--- WHAT YOU SHOULD DO ---
In the material below, find the line that contains "地图上被大头钉标注的巴基斯坦城市拉合尔" and the line that contains "Edytor tapety: Skały", then write out exactly those two lines and everything between them.

--- DATA SHOWN ---
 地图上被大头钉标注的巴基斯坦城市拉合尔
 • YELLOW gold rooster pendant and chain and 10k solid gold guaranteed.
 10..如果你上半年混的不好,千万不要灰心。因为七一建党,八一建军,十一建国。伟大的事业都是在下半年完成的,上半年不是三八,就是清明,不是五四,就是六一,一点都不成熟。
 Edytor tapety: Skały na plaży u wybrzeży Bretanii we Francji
* * *
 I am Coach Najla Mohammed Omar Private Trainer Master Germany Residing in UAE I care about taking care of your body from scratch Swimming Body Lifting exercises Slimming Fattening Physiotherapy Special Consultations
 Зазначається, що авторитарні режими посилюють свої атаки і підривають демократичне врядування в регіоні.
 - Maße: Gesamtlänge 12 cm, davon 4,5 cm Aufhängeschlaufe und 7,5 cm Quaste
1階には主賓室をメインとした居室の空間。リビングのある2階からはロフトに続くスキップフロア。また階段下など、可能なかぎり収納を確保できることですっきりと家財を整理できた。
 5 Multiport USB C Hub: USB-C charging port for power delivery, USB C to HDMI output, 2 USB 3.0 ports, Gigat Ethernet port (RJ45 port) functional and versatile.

--- RESPONSE ---
 地图上被大头钉标注的巴基斯坦城市拉合尔
 • YELLOW gold rooster pendant and chain and 10k solid gold guaranteed.
 10..如果你上半年混的不好,千万不要灰心。因为七一建党,八一建军,十一建国。伟大的事业都是在下半年完成的,上半年不是三八,就是清明,不是五四,就是六一,一点都不成熟。
 Edytor tapety: Skały na plaży u wybrzeży Bretanii we Francji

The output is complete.